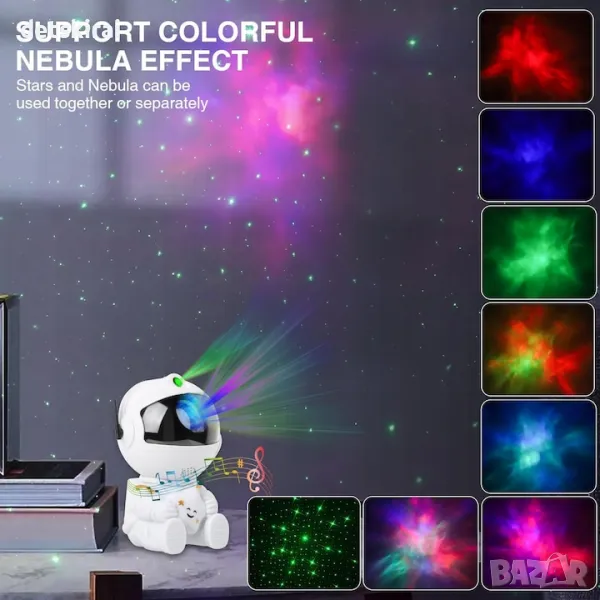Проекторът "Астронавт" е идеалният начин да превърнете всяка стая в магическо звездно небе. С дистанционното управление можете лесно да регулирате цветовете, яркостта и режимите на проекция, създавайки перфектната атмосфера за релакс, сън или забавление.
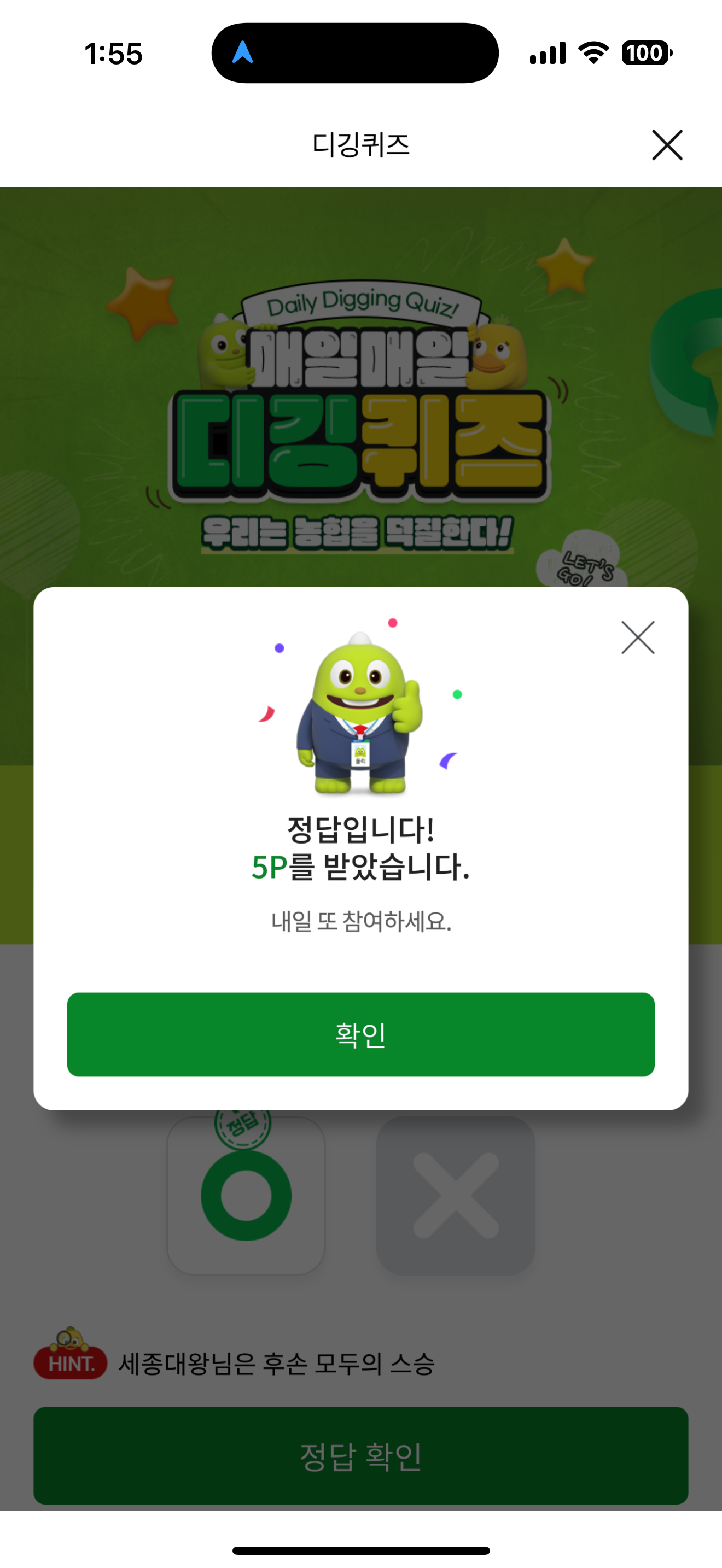 NH올원뱅크 디깅퀴즈 정답은 O 입니다
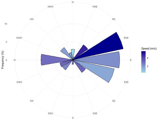 Table 4 contains meteorological data showing the frequency and average wind speed from different directions around Pula in 2023 [45].
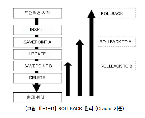 롤백(ROLLBACK) : 트랜잭션 시작 이전의 상태로 되돌리는 것
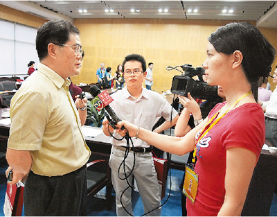 5月12日,美国中文电视记者采访华侨大学校长丘进(左)。
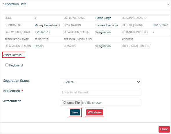 **Step 3**: Here you can view the separation details, update ‘Asset Details’. Select the ‘Separation Status’ and enter the ‘Remark’, ‘Choose File’ to be uploaded if required and click on the ‘Save’ button. The employee separation process will be completed accordingly.<br>
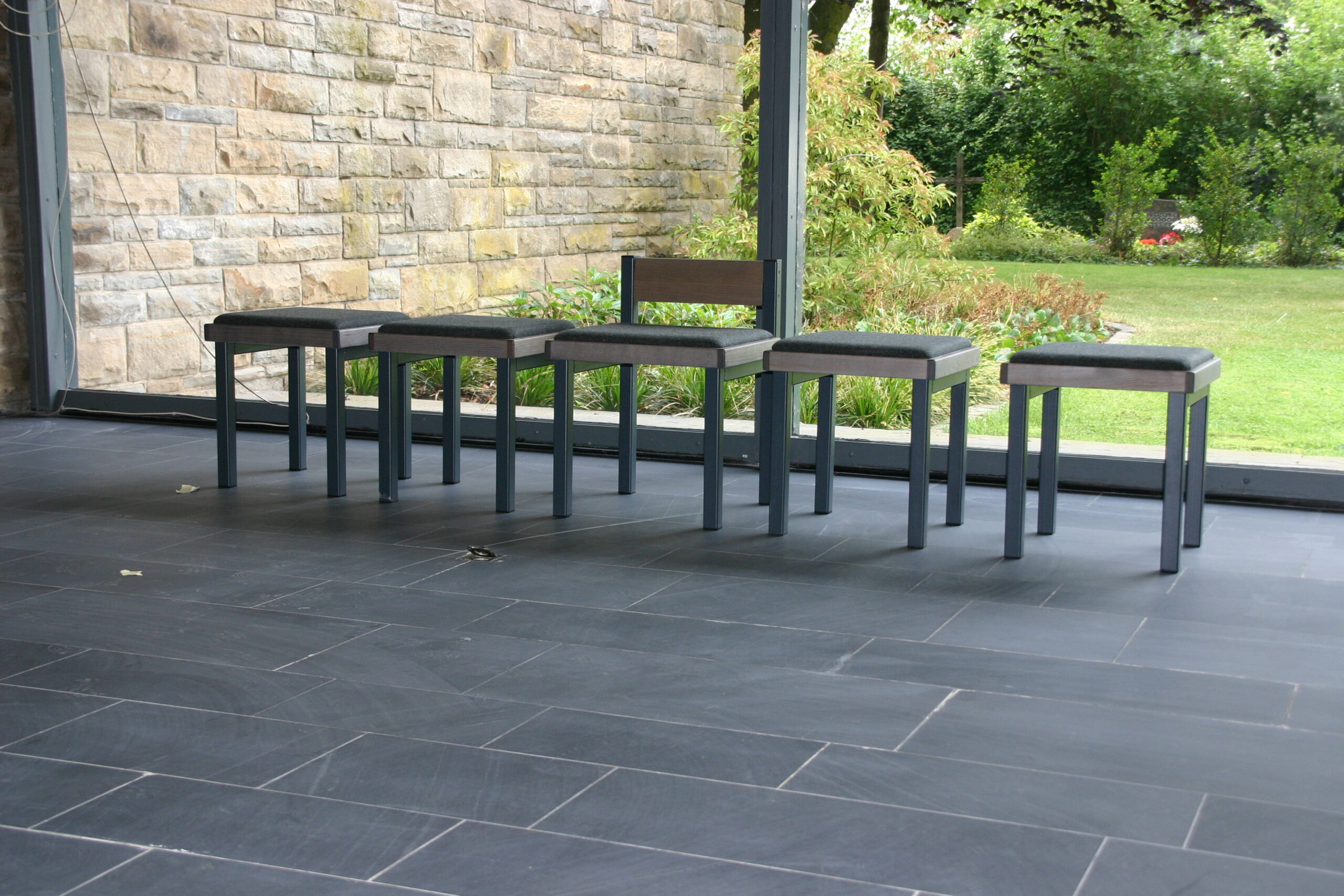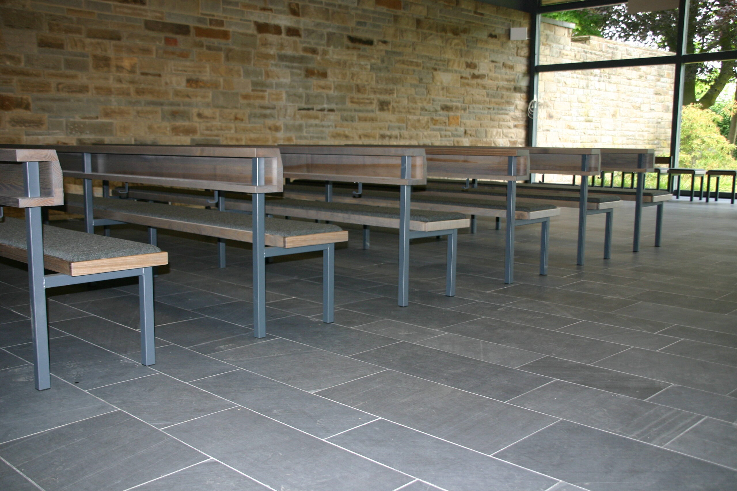 Sitzbänke in Esche, dunkel gebeizt, Sitzfläche mit integrierter Polsterung, Gestelle aus Vierkantrohr.
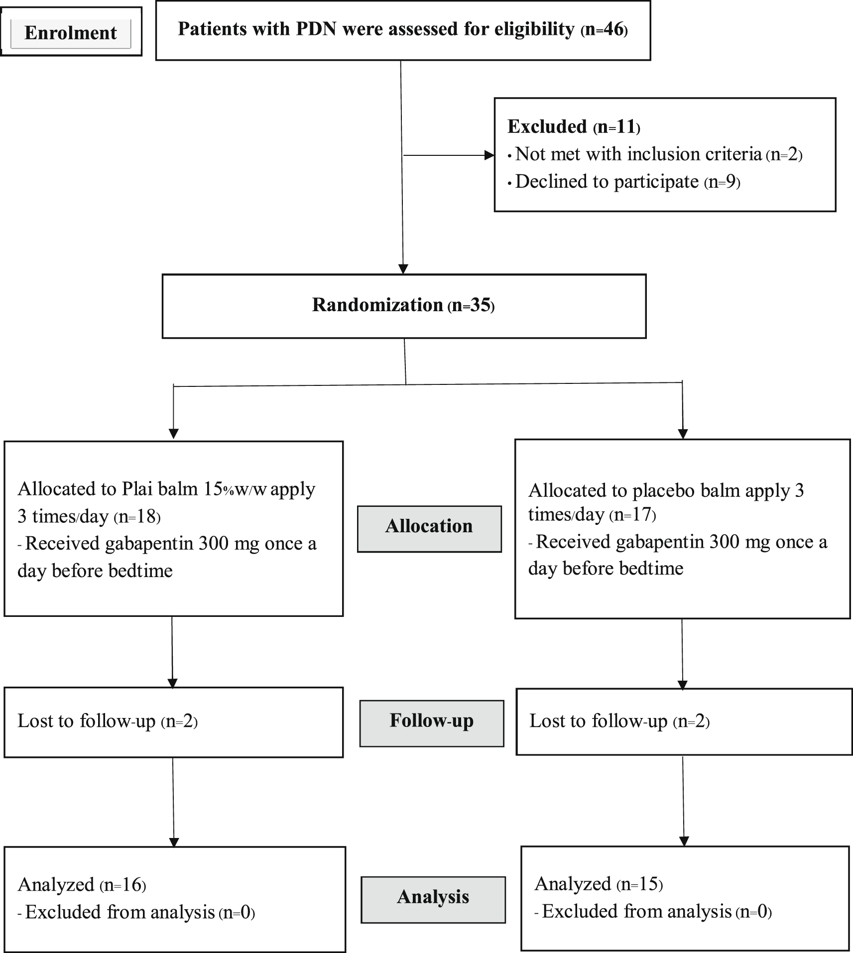 Block-of-four randomization was applied to this study, concealment was done by telephone calls to research assistants. Participants were divided into two groups. All participants received oral gabapentin of 300 mg, one tablet a day before bedtime as a standard regimen. The intervention group (n=16) received Plai balm 15% w/w 0.5 gram to apply on their feet three times a day and the control group (n=15) received the placebo balm to apply similarly.
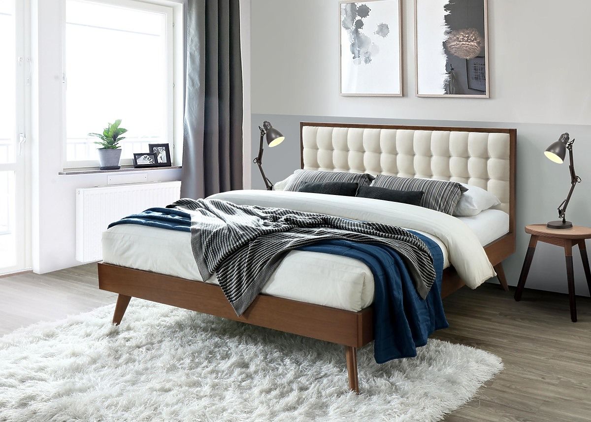 Posteľ je vyrobená z kvalitného tmavého dreva, ktoré dodáva posteli prirodzený a teplý vzhľad. Čalúnenie na hlavovej časti postele pridáva pohodlie a eleganciu. Táto kombinácia dreva a čalúnenie je dokonalým stelesnením luxusu.
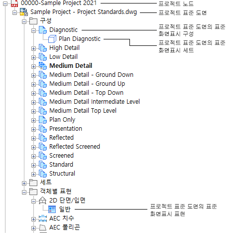 다음 절차에 따라 프로젝트 표준 화면표시 도면의 표준 화면표시 설정을 변경하고 버전을 적용하십시오.
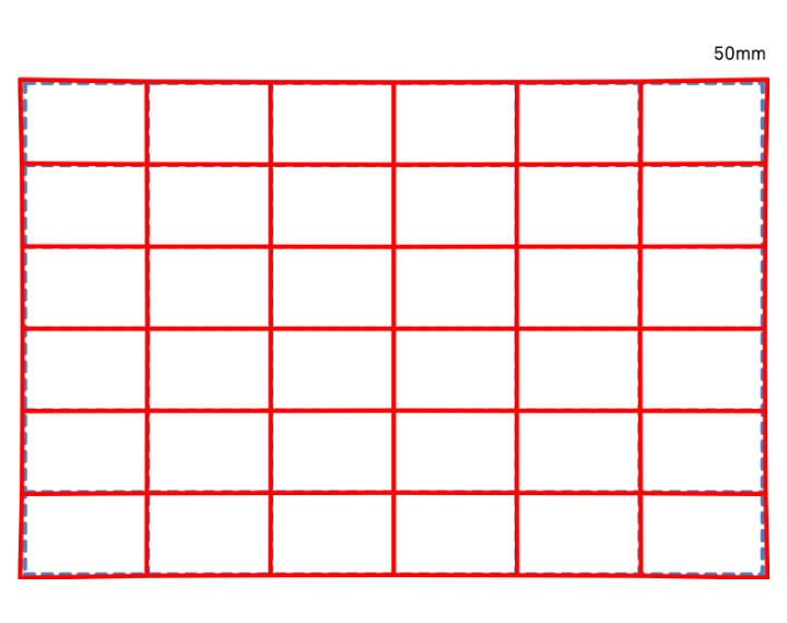 Khi bạn chụp ảnh một mẫu hình lưới, nó sẽ xuất hiện như đường chấm xanh lam hiển thị. Đường màu đỏ minh họa cách mẫu hình lưới sẽ xuất hiện trong ảnh thực tế khi tính đến độ méo của ống kính.
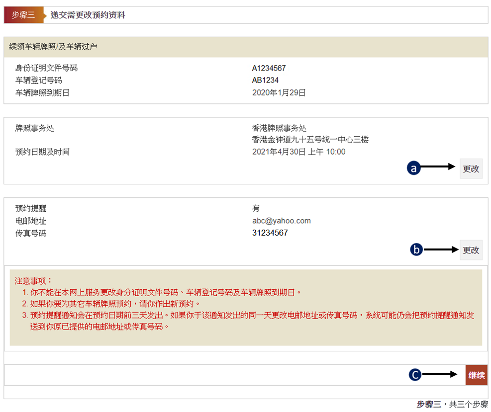 如需更改牌照事务处或预约日期及时间资料,按「更改」
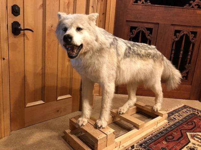 Longtime supporters of the Wild Sheep Foundation Oscar and Val Carlson have generously donated a full body mount wolf that will surly add to your trophy room!
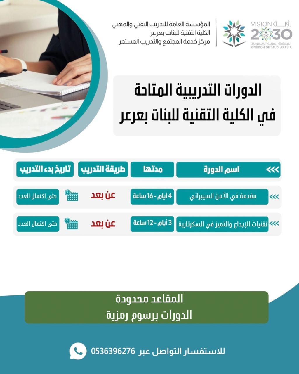 كلية التقنية للبنات بعرعر تعلن عن بدء التسجيل في عدد من البرامج التدريبية.
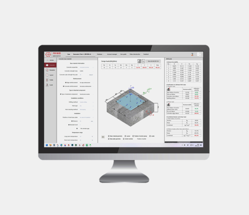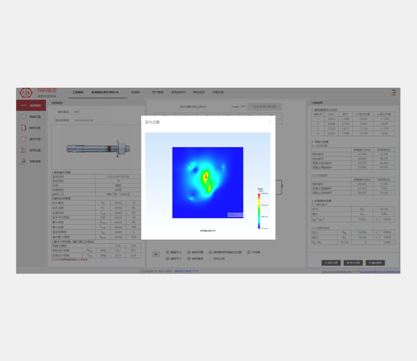 El software es una herramienta diseñada y desarrollada independientemente por la empresa Xiangrui para el diseño y cálculo de pernos de anclaje, que incluye principalmente la simulación del diseño de los pernos de anclaje y las condiciones de tensión, una interfaz gráfica tridimensional, un análisis de fuerza de elementos finitos de la placa de anclaje y el anclaje. perno, cálculo matemático de la capacidad de carga del perno de anclaje e instrucciones de uso e instalación, etc., para realizar todo el proceso de diseño del perno de anclaje desde la selección, diseño, cálculo de fuerza interna, verificación de la capacidad de carga hasta las instrucciones de construcción e instalación. Los usuarios no solo pueden comprender directamente los resultados del diseño y cálculo de los pernos de anclaje en la interfaz de diseño, sino también imprimir el informe de cálculo según sea necesario para la presentación del diseño, revisión, orientación de construcción, etc.
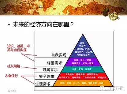 那么未来的方向在哪儿,从心理学的需求结构角度(当然我说的是最通俗的大众理解的心理学,从学术角度可能早已经对人的需求模型进行了批判和更新),衣食住行都属于最初的生理和安全需求。基本满足之后,新的需求就要往上挪移,经济需求也会向上挪移。
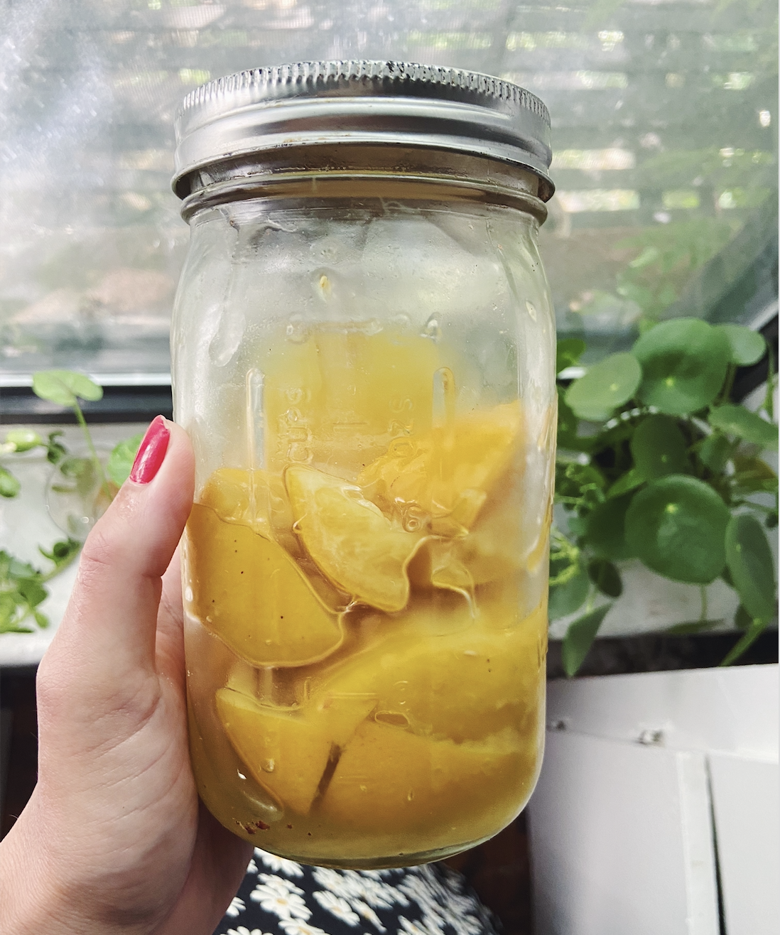 1. Combine preserved lemon, garlic and a few dashes of fish sauce in a large bowl. Add the juice of ½ a lemon and let sit a minute or two.
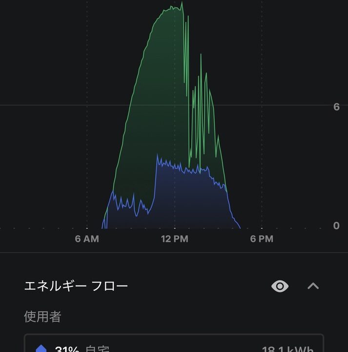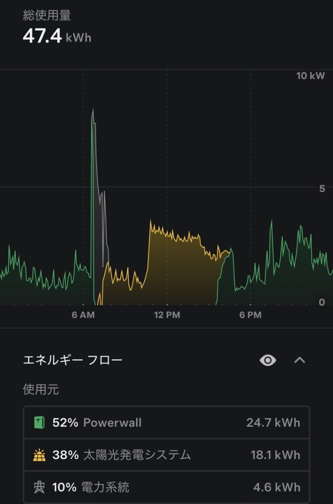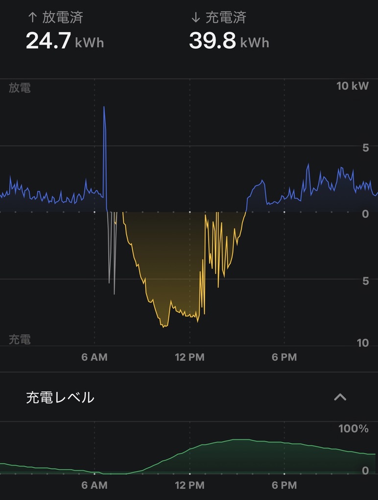 日の出前後の電力はPowerwallが供給し、暖房やEV充電を支援。 朝6時以降、発電が立ち上がると充電モードへ自動切り替え。 短時間ながら高出力充電が行われ、エネルギー効率を最大化しました。
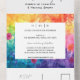 La invitación de boda de flores de prado con gradiente de acuarela brillante es una opción vibrante y encantadora para parejas que aman la naturaleza y el color. El diseño presenta un impresionante gradiente de acuarela que transita suavemente a través de un espectro de tonos brillantes y alegres. Este fondo animado está adornado con delicadas flores de prado, creando una escena hermosa e invitadora que captura la esencia de una boda alegre y romántica.
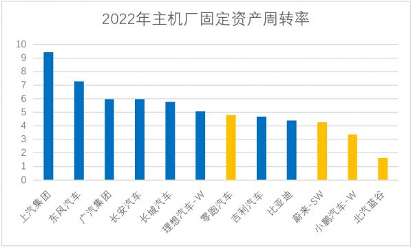图:2022年主机厂固定资产周转率,来源:上市公司公告

----

* ABOUT THIS TASK: Starting at the line above that contains "كلية التقنية للبنات", transcribe every line exactly through the line that contains "1. Combine preserved", including that last one, and skip the pictures.

* RESULT BELOW:
 كلية التقنية للبنات بعرعر تعلن عن بدء التسجيل في عدد من البرامج التدريبية.
 El software es una herramienta diseñada y desarrollada independientemente por la empresa Xiangrui para el diseño y cálculo de pernos de anclaje, que incluye principalmente la simulación del diseño de los pernos de anclaje y las condiciones de tensión, una interfaz gráfica tridimensional, un análisis de fuerza de elementos finitos de la placa de anclaje y el anclaje. perno, cálculo matemático de la capacidad de carga del perno de anclaje e instrucciones de uso e instalación, etc., para realizar todo el proceso de diseño del perno de anclaje desde la selección, diseño, cálculo de fuerza interna, verificación de la capacidad de carga hasta las instrucciones de construcción e instalación. Los usuarios no solo pueden comprender directamente los resultados del diseño y cálculo de los pernos de anclaje en la interfaz de diseño, sino también imprimir el informe de cálculo según sea necesario para la presentación del diseño, revisión, orientación de construcción, etc.
 那么未来的方向在哪儿,从心理学的需求结构角度(当然我说的是最通俗的大众理解的心理学,从学术角度可能早已经对人的需求模型进行了批判和更新),衣食住行都属于最初的生理和安全需求。基本满足之后,新的需求就要往上挪移,经济需求也会向上挪移。
 1. Combine preserved lemon, garlic and a few dashes of fish sauce in a large bowl. Add the juice of ½ a lemon and let sit a minute or two.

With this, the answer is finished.